-------- Recorded information

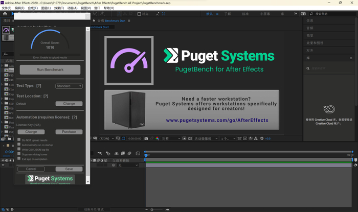 视频编解码一直是英特尔 Xe 核显的强项,所以我们用 PugetBenchmark For PR 和 AE 这两款常用的软件来测试它在视频剪辑和特效制作方面的性能。结果显示灵耀14 2023 在 PR 中得到了 483 分,AE 成绩更是高达 1016 分,完全可以应付 1080P 的短视频制作了。
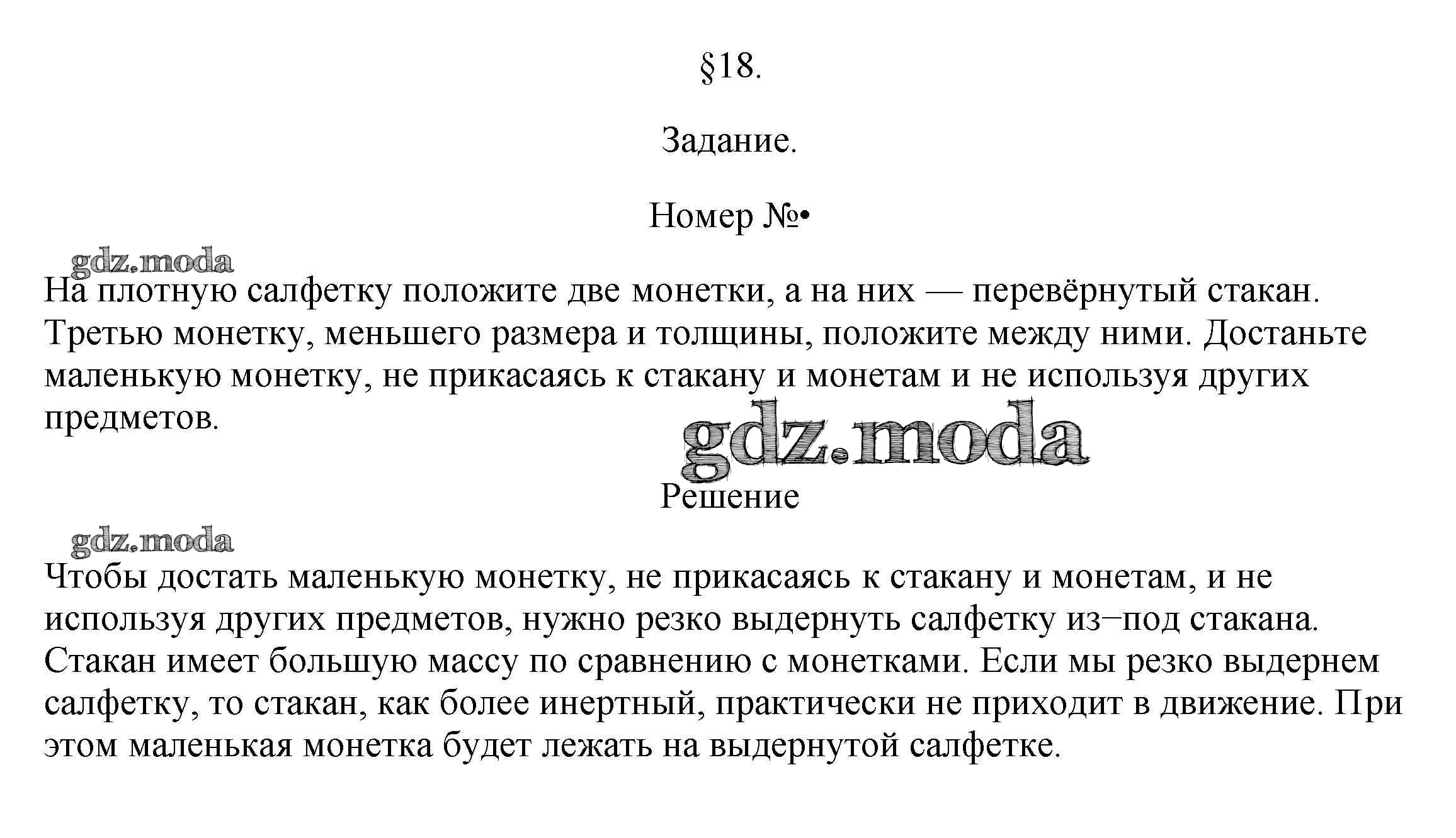 ОТВЕТ на задание № §18 Учебник по Физике 7 класс Перышкин Вертикаль
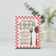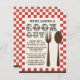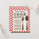 Este convite de CHURRASCO, ao estilo rustico e ocidental, pode ser usado para seu próximo CHURRASCO ao estilo sul, ou qualquer tipo de biscoito de quintal. Reúna seus amigos e vizinhos e divirta-se. O plano de fundo apresenta um padrão verificado em branco e vermelho como uma toalha de mesa clássica, escrita como "Estamos tendo um cookout" em fontes de estilo vintage de rico. Ilustrado por um garfo e uma colher.
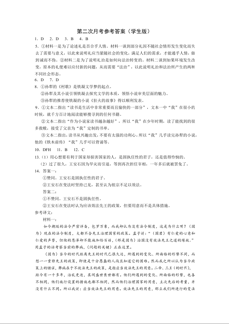 黑龙江省实验中学2024-2025学年度高三学年上学期第二次月考语文答案

----------------

▸ Problem requirements: Copy each line above exactly. Images do not belong in the copy.

▸ Exercise output:
 视频编解码一直是英特尔 Xe 核显的强项,所以我们用 PugetBenchmark For PR 和 AE 这两款常用的软件来测试它在视频剪辑和特效制作方面的性能。结果显示灵耀14 2023 在 PR 中得到了 483 分,AE 成绩更是高达 1016 分,完全可以应付 1080P 的短视频制作了。
 ОТВЕТ на задание № §18 Учебник по Физике 7 класс Перышкин Вертикаль
 Este convite de CHURRASCO, ao estilo rustico e ocidental, pode ser usado para seu próximo CHURRASCO ao estilo sul, ou qualquer tipo de biscoito de quintal. Reúna seus amigos e vizinhos e divirta-se. O plano de fundo apresenta um padrão verificado em branco e vermelho como uma toalha de mesa clássica, escrita como "Estamos tendo um cookout" em fontes de estilo vintage de rico. Ilustrado por um garfo e uma colher.
 黑龙江省实验中学2024-2025学年度高三学年上学期第二次月考语文答案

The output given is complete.